Use `os.chdir` and `os.getcwd` to ensure the script operates in the correct folder before renaming anything.

Briefing

A practical Python script can fix messy, alphabetically sorted video filenames by renaming hundreds of files so they play in the intended numeric order on a phone playlist. The core issue is that downloaded course videos use a title-first naming pattern (title + dash + course name + number), which breaks ordering when devices sort strings alphabetically. The solution is to parse each filename, extract the embedded sequence number, and rebuild a new filename that starts with that number—optionally zero-padded—so “1, 2, 3 … 10” sorts correctly.

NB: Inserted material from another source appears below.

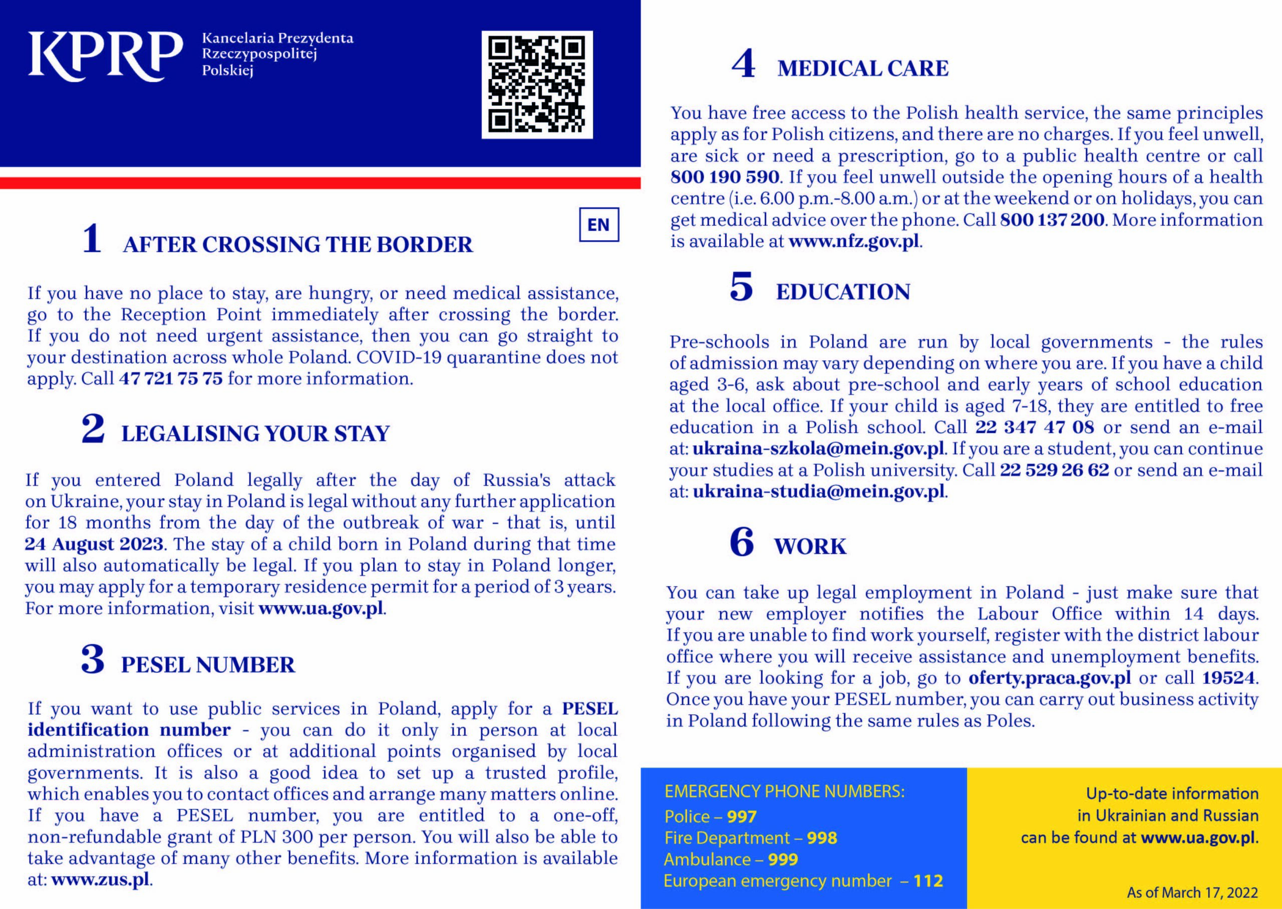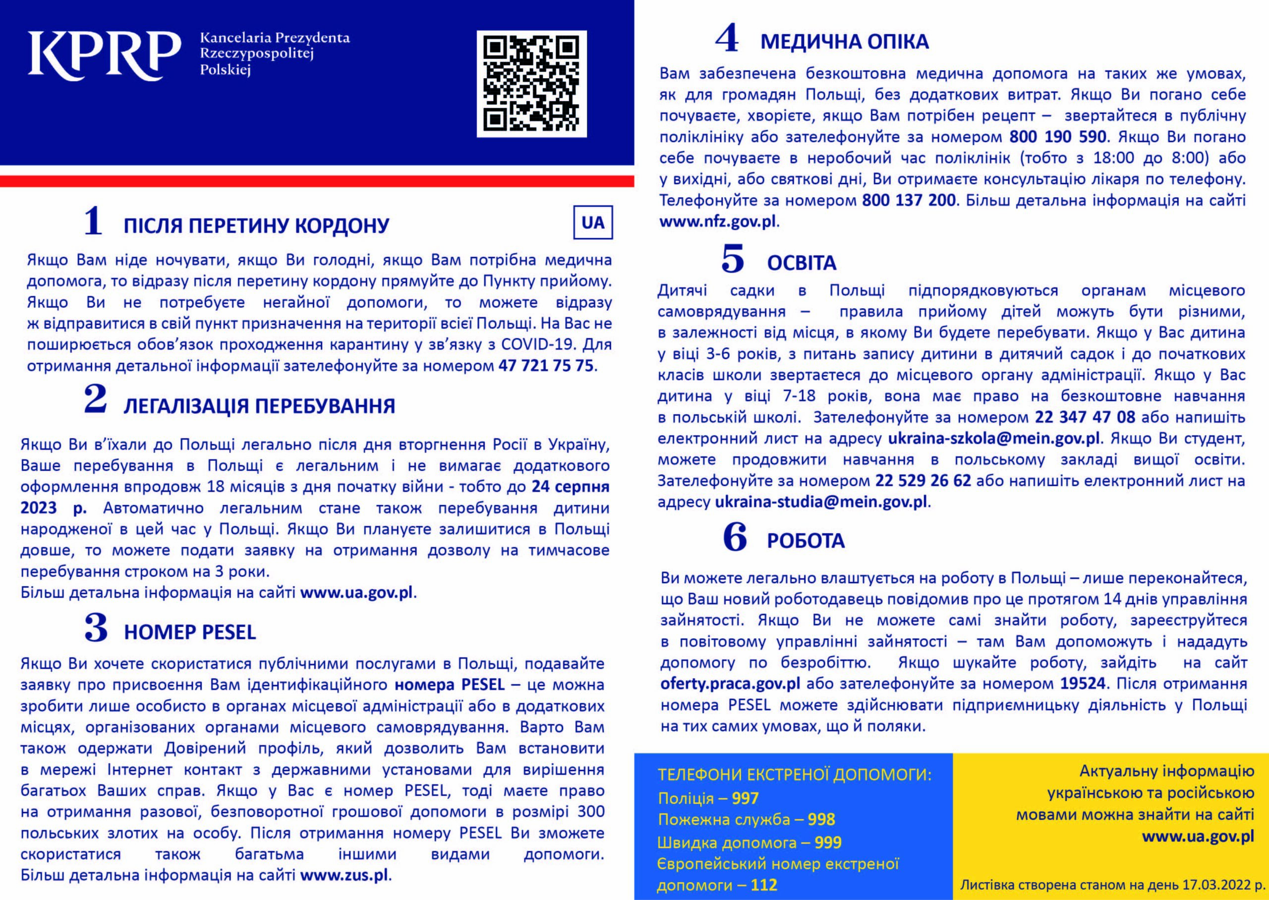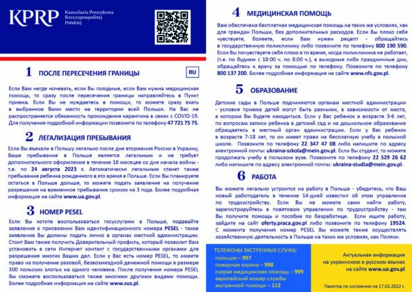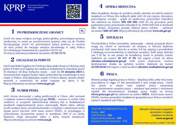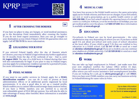 W ulotce znajdują się podstawowe wiadomości o punktach recepcyjnych, legalizacji pobytu i numerze PESEL, opiece medycznej, a także o możliwości edukacji i poszukiwania pracy, wraz z telefonami i adresami internetowymi, pod którymi można uzyskać więcej informacji.

The workflow starts by using Python’s `os` module to work directly with the filesystem. The script changes into the folder containing the video files (`os.chdir(...)`), verifies the working directory with `os.getcwd()`, and lists the directory contents (`os.listdir(...)`) to confirm the filenames being processed. From there, each filename is split into its base name and extension using `os.path.splitext`, producing two parts: the name without the file type and the extension itself.

Next comes the parsing logic. The base filename is split on hyphens, yielding three components: the title, the course name, and the numeric sequence token. Those pieces are assigned to variables (e.g., `f_title`, `f_course`, `f_num`) and then recombined using a formatted string. The initial rebuild places the number first, followed by the course name and title, and finally the extension. Minor formatting issues—like stray spaces before the extension—are corrected with `.strip()`.

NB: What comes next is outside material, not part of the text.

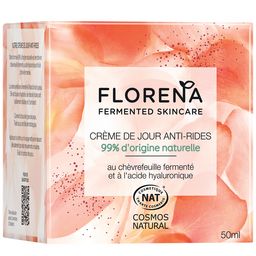 La crème de jour anti-rides FLORENA Fermented Skincare contient du chèvrefeuille fermenté, de l'huile d’olive fermentée et de l'acide hyaluronique. Elle améliore la fermeté et l'élasticité de la peau. Votre peau est douce, souple et parait plus jeune.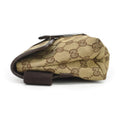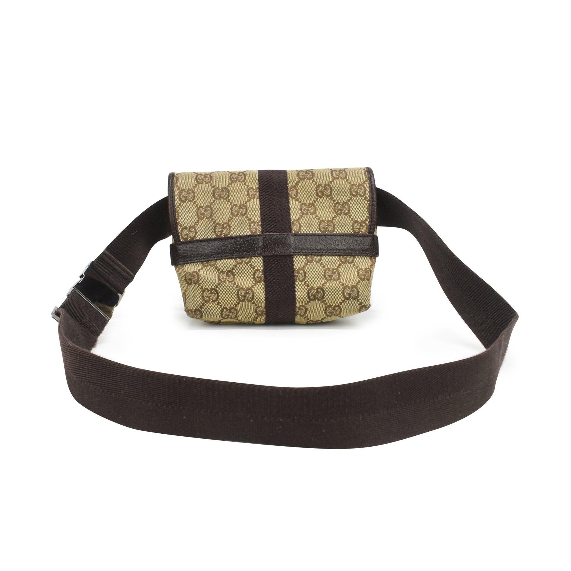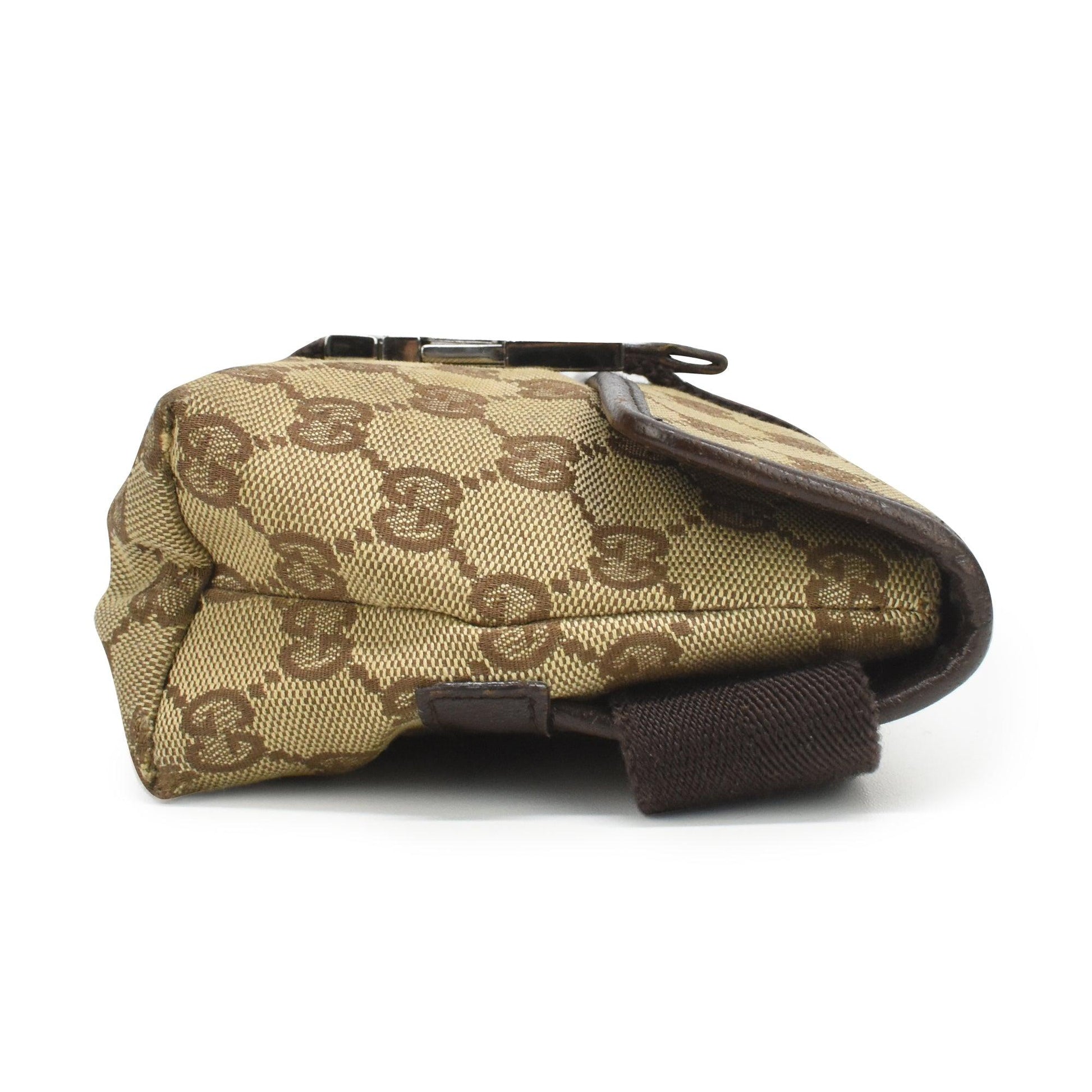Gucci waist bag in beige monogram canvas with brown leather trim, an adjustable canvas strap, and a large buckle closure in silver hardware.

Two refinements address ordering and personal preference. First, the number token includes an unwanted leading character (a number sign), so the script slices the string to drop the first character (using `f_num[1:]`). Second, plain numeric strings cause “10” to sort near “1” because sorting is character-based. To prevent that, the script zero-pads single-digit numbers with `zfill(2)`, turning “1” into “01” and “2” into “02,” while leaving “10” unchanged. After that, the course name can be removed entirely from the new filename, leaving a cleaner format that still sorts correctly.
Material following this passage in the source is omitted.